Concerns are clearly creeping in about the longer term relevance of insurance particularly to our larger corporate buyers. Meeting the expectations for value and service of an increasingly demanding audience, battered by the prolonged financial crisis and recession, is proving to be quite a headache. A sobering assessment was provided by the Economist Intelligence Unit in its risk index provided to Lloyd’s last year. Their survey of the largest global businesses painfully revealed that there was on offer only one risk transfer solution to the top five risks that these organisations identified.
The Japanese tsunami and Thai floods exposed the limitations of insurance coverage as a means to protect against interruptions of supply. The gap between the economic and insured losses suffered was significant with policy coverage found to be inadequate and misdirected in some cases. Likewise for businesses like BP, Rolls Royce, G4S and most recently Samsung, all financially impacted as a consequence of major unexpected events, insurance has not prevented or softened in any meaningful way the hit to these company’s earnings. Whilst insurance solutions are being crafted to address trade disruption, reputational damage, cyber breaches and patent infringement, the overriding perception of many risk managers is that the insurance industry is not really keeping pace with the major trends in global commerce and their attendant business requirements.
A quite bleak longer term outlook, therefore, so the need for innovation is the current rallying cry.

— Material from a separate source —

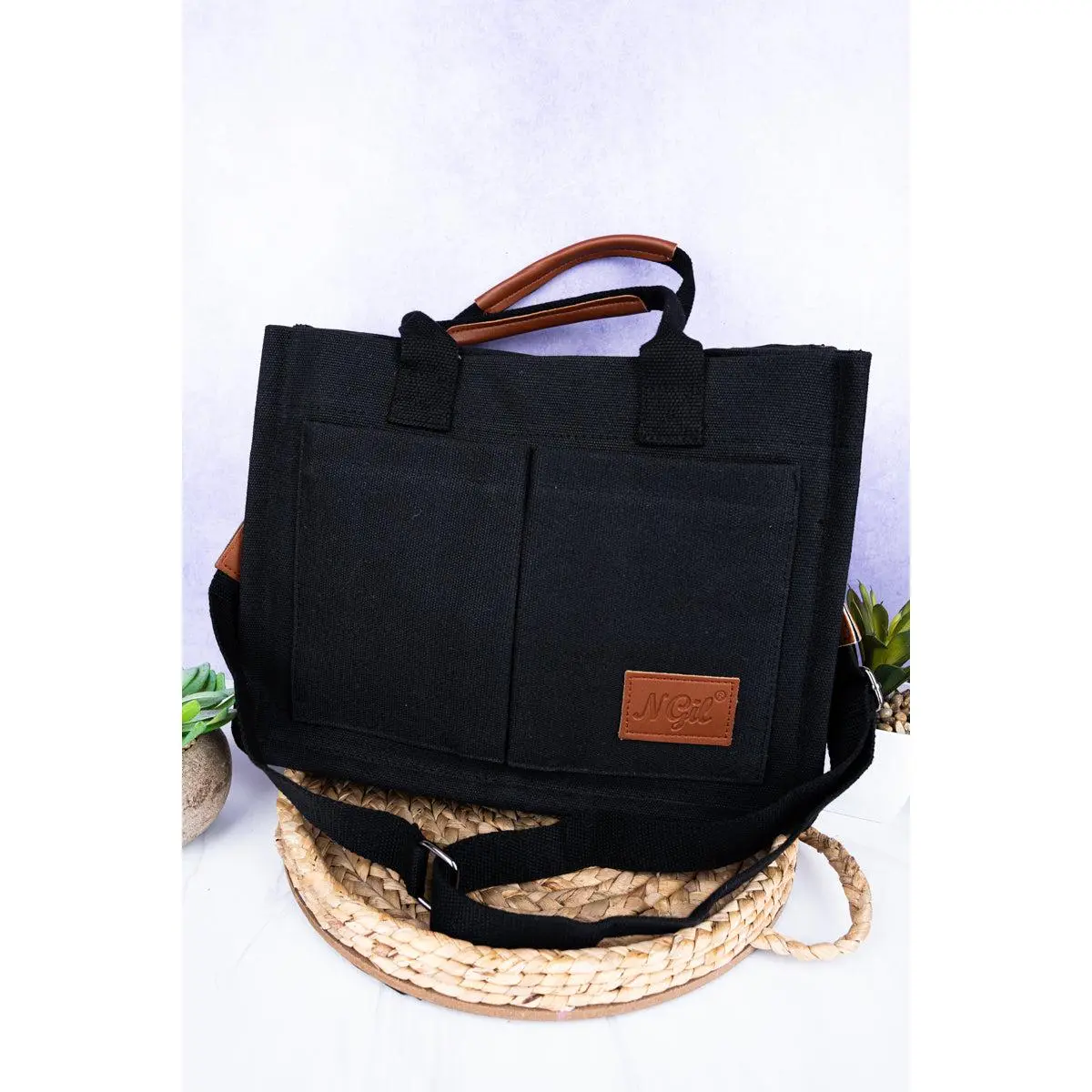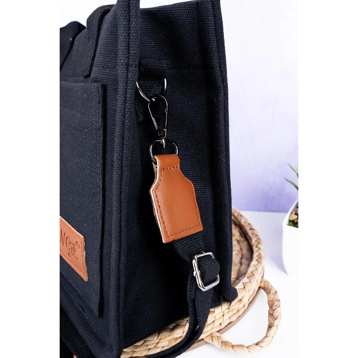 ·Faux Leather Logo on Front

The call to action is for brokers to develop and insurers to introduce new and enhanced products which address emerging risks that truly meet and satisfy the corporate customer needs. If only it were that simple. Whilst new product development might in time be the outcome, the more likely source of innovation will first be in the insurance industry business model. It is almost inconceivable that insurers can deliver the solutions that large commercial clients want without reinventing in some way how business is sourced, underwritten and serviced. Just how a re-shaped industry of the future will look and operate is impossible to predict but almost certainly the broader technological revolution will be fundamental to any transformation.
The internet has obviously changed forever how we communicate with each other; insurers along with most other service providers are now distributing product electronically to the end buyers, at least in the private consumer space. Beyond that insurance firms have been extremely hesitant to embrace new technologies to reengineer and improve core business capabilities. However, the alarming size of the uncharted risk exposures revealed in the Thai flood losses of 2011 could be the “tipping point”, that the academic Malcolm Gladwell would call it, which prompts fundamental industry innovation. Encouraged by the Solvency II regulators, risk modelling, and at its heart data capture and management, might now forever eclipse more traditional risk assessment techniques.

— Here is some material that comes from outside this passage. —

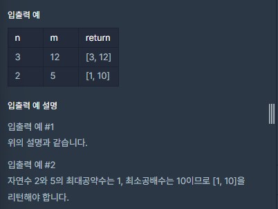 - 반환하는 배열의 첫 번째는 최대공약수, 두 번째는 최소공배수를 담아 반환하는 solution 함수를 완성하시오

As underwriting moves from the analogue to the digital and starts to embrace data mining in a world of increasingly full information transparency, the functions of insurer, producer and corporate client become more interlinked. Already Aon’s development of GRIP, a global repository of insurance placement information, and the introduction of the market-matching platform WillPlace by Willis, each in their own different way challenge the traditional means of sourcing and servicing commercial business by allowing insurers access to client data (for a fee) beyond the transactional. Whilst these initiatives have their critics and may be far from perfect, they do nevertheless clearly signal a more collaborative process where the co-development of new products with customers and their brokers, based on joint analysis, will become more the norm.
To the extent that insurers can redesign their business model, therefore; investing in people and technology capable of assimilating and acting upon customer intelligence, then there is a path towards successfully reengaging with the large corporate client. Demanding new product innovation whilst more or less maintaining traditional market methods of working, as the debate currently resides, seems to be an exercise in wishful thinking.